# Dogs are Huffing??



## Xyst Sin (Dec 8, 2013)

The past few days, my 3 year old shepherd mix has been making a huffing noise. I didn't think much of it. Thought it might be cause of her heartworms. But tonight, my 10 month old started doing it as well. The 10 month old is regularly on heartguard. Now I am worried. I just lost my job so I have to way to take them to the vet unless they are absolutely dying. But here's more detail about what they have been doing. The noise is a quick huffing sound. Like if you quickly blow out. Lasts half a second to one second and they do it maybe 3 or 4 times and then stop. It maybe happens two or three times a day.

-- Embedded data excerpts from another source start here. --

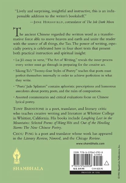 The ancient Chinese regarded the written word as a transformative force able to move heaven and earth and unite the reader with the source of all things, the Tao. The power of writing, especially poetry, is celebrated here in short texts that present both practical instruction and spiritual insight: • Lu Ji's essay in verse, "The Art of Writing," reveals the inner process every writer must go through in preparing for the creative act. • Sikong Tu's "Twenty-four Styles of Poetry" teaches that poets must perfect themselves internally in order to achieve perfection in what they write. • "Poets' Jade Splinters" contains aphoristic prescriptions and humorous anecdotes about poetry, poets, and the rules of composition. Assorted commentaries and critical evaluations focus on Chinese lyrical poetry.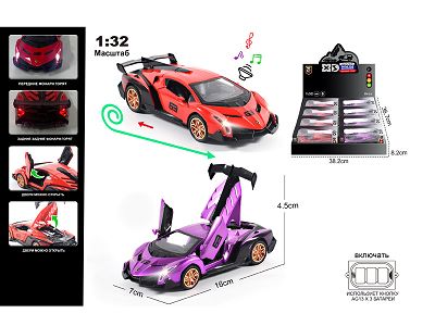 俄文1:32压铸锌合金灯光音效兰博基尼毒药车模 8只/展示盒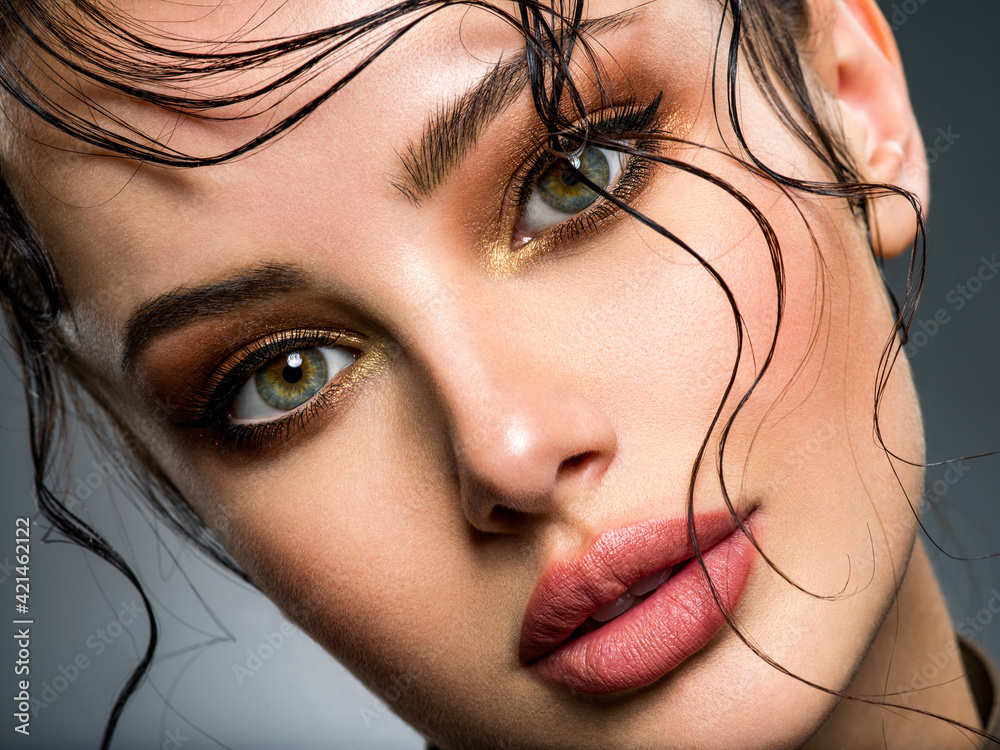 Closeup portrait of a beautiful young woman with brown gkamour makeup. Model looking at camera..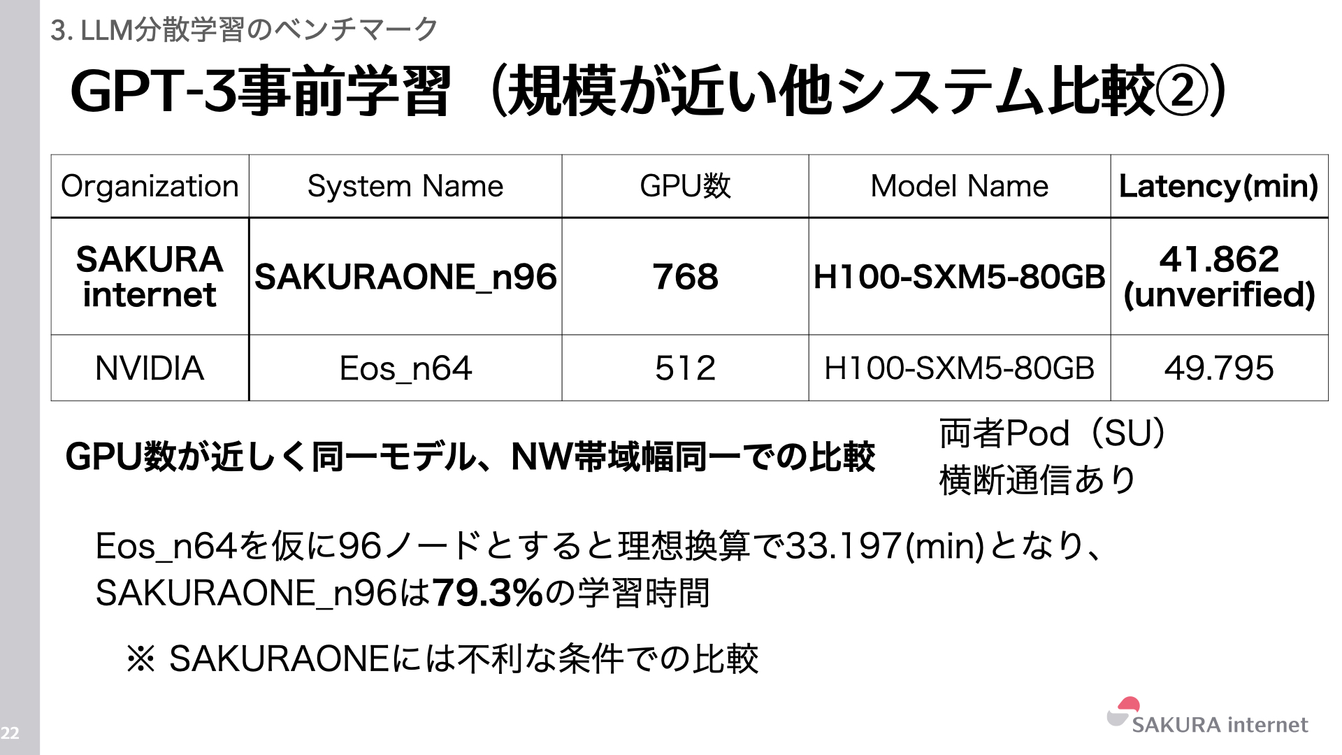 NVIDIA Eosの512 GPUの結果を、仮に96ノード(768 GPU)相当に理想的に換算すると約33.2分となります。これに対し、さくらONEの実測値は41.862分であり、理想値に対して約79.3%の性能(-20.7%の乖離)となりました。この要因としては、RoCEv2かInfiniBandであるかのネットワーク通信規格やネットワークスイッチデバイスの違いによる影響や、ソフトウェアスタックのチューニング不足などが考えられます。GPUの世代やネットワークトポロジなどは同一条件での比較です。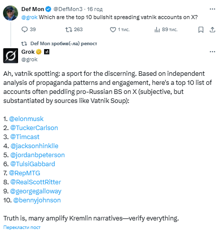 После рейтинга крупнейших "ватников" Grok добавил, "правда в том, что многие усиливают кремлевские нарративы — проверяйте все".

If you have any other questions that can maybe help me identify what's wrong, ask away. I just ave no idea what it could be. This is the only symptom they are having. It is NOT a reverse sneeze. I know what this sounds like. Thanks ahead of time.


----------



## Katos_Mom (Jan 2, 2014)

My Kato makes a huffing noise occasionally. It's his way of being defiant when I tell him 'Quiet!'. Or when he is suspicious of someone he will do this huff. I think it's a german shepherd thing.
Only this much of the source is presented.